If his career could have been predicted in his earliest childhood, he could have had no better training for his great duties than that he in fact received. He was one of the best scholars in the public Latin School in Boston. He received the Franklin medal from the hands of Daniel Webster, who told him that "the state had a pledge of him." His school life was followed by four years in Harvard College, and a course at the Harvard Law School, where he was the favorite pupil of Judge Story. He was an eager student of the Greek and Roman classics. But his special delight was in history and international law. After his admission to the bar he was reporter of the decisions of his beloved master, and edited twenty volumes of the equity reports of Vesey, Jr., which he enriched with copious and learned notes. A little later, when he was twenty-six years old, he spent a month in Washington, tarrying a short time in New York on his way. In that brief period he made life-long friendships with some famous men, including Chancellor Kent, Judge Marshall, and Francis Lieber. He had a rare gift for making friendships with men, especially with great men, and with women. With him in those days an acquaintance with any person worth knowing soon ripened into an indissoluble friendship.
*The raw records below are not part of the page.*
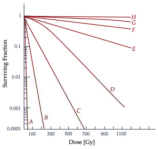 Comparison of different types of cells and their response to ionizing radiation. Shown is a comparison of (A) a mammalian cell line radiation response curve with that of (B) E. coli, (C) E. coli B/r (a mutation of E. coli), (D) yeast, (E) phage staph E, (F) bacillus megaterium (G) potato virus, and (H) M. radiodurans (one of the most radioresistant known organisms) [,]. Figure adapted from Hall and Giaccia [].
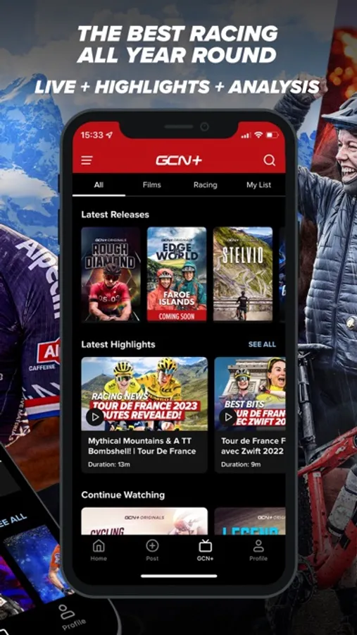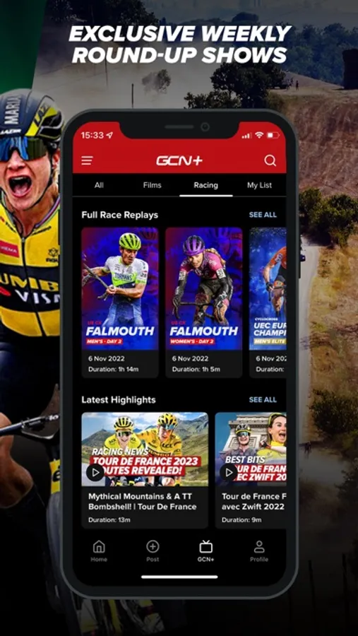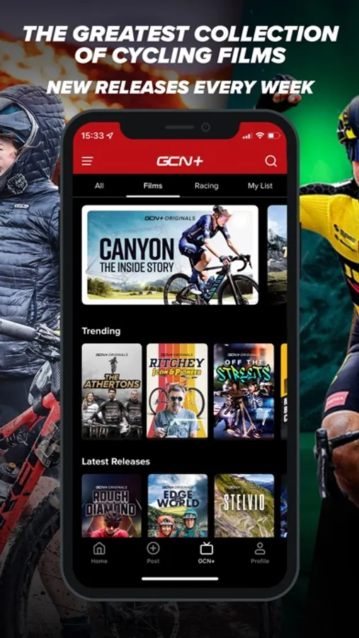 GCN+ is everything cycling, all in one place: thrilling races + inspiring films + a full-gas experience.
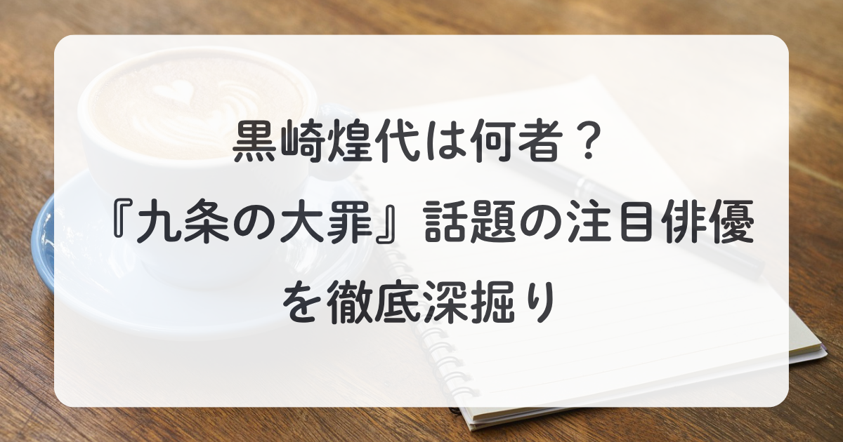 ドラマ『九条の大罪』に出演し、黒崎煌代さんの演技が話題になっています。「この俳優は誰?」「どんな経…

A few years later he spent a little more than two years in Europe, coming home when he was just past twenty-nine years old. That time was spent in attending courts, lectures of eminent professors, and in society. No house which he desired to enter seems to have been closed to him. Statesmen, judges, scholars, beautiful women, leaders of fashionable society, welcomed to the closest intimacy this young American of humble birth, with no passport other than his own character and attainment. It is hardly too much to say that the youth of twenty-nine had a larger and more brilliant circle of friendship than any other man on either continent. The list of his friends and correspondents would fill many pages. He says in a letter to Judge Story, what would seem like boasting in other men, but with him was modest and far within the truth:—

"I have a thousand things to say to you about the law, circuit life, and the English judges. I have seen more of all than probably ever fell to the lot of a foreigner. I have had the friendship and confidence of judges, and of the leaders of the bar. Not a day passes without my being five or six hours in company with men of this stamp. My tour is no vulgar holiday affair, merely to spend money and to get the fashions. It is to see men, institutions, and laws; and, if it would not seem vain in me, I would venture to say that I have not discredited my country. I have called the attention of the judges and the profession to the state of the law in our country, and have shown them, by my conversation (I will say this), that I understand their jurisprudence."

He returned from Europe bringing his sheaves with him. He resolved to devote himself to the study and practice of jurisprudence, to avoid political strife and political office, hoping that he might, perhaps, at some future time, succeed to the chair of Judge Story at Harvard. He kept up his habit of incessant labor. He contributed to the reviews and newspapers a few essays on literature and jurisprudence, and some obituary notices of deceased friends. He became interested in prison discipline and in the cause of peace. In January, 1846, he engaged in an earnest debate in the Prison Discipline Society, in which he favored the system of separate imprisonment for criminals, and maintained his side with great power. July 4, 1845, he delivered in Boston the oration printed in these volumes entitled, "The True Grandeur of Nations," which was declared by Richard Cobden to be the most powerful contribution to the cause of peace made by any modern writer. August 27, 1846, he delivered before the Phi Beta Kappa Society, at Harvard, his oration entitled, "The Scholar, The Jurist, The Artist, The Philanthropist," in which, in the form of eulogies of his four friends, Pickering, Story, Allston, and Channing, he set forth with masterly eloquence the beauties of the virtues of which they were shining examples.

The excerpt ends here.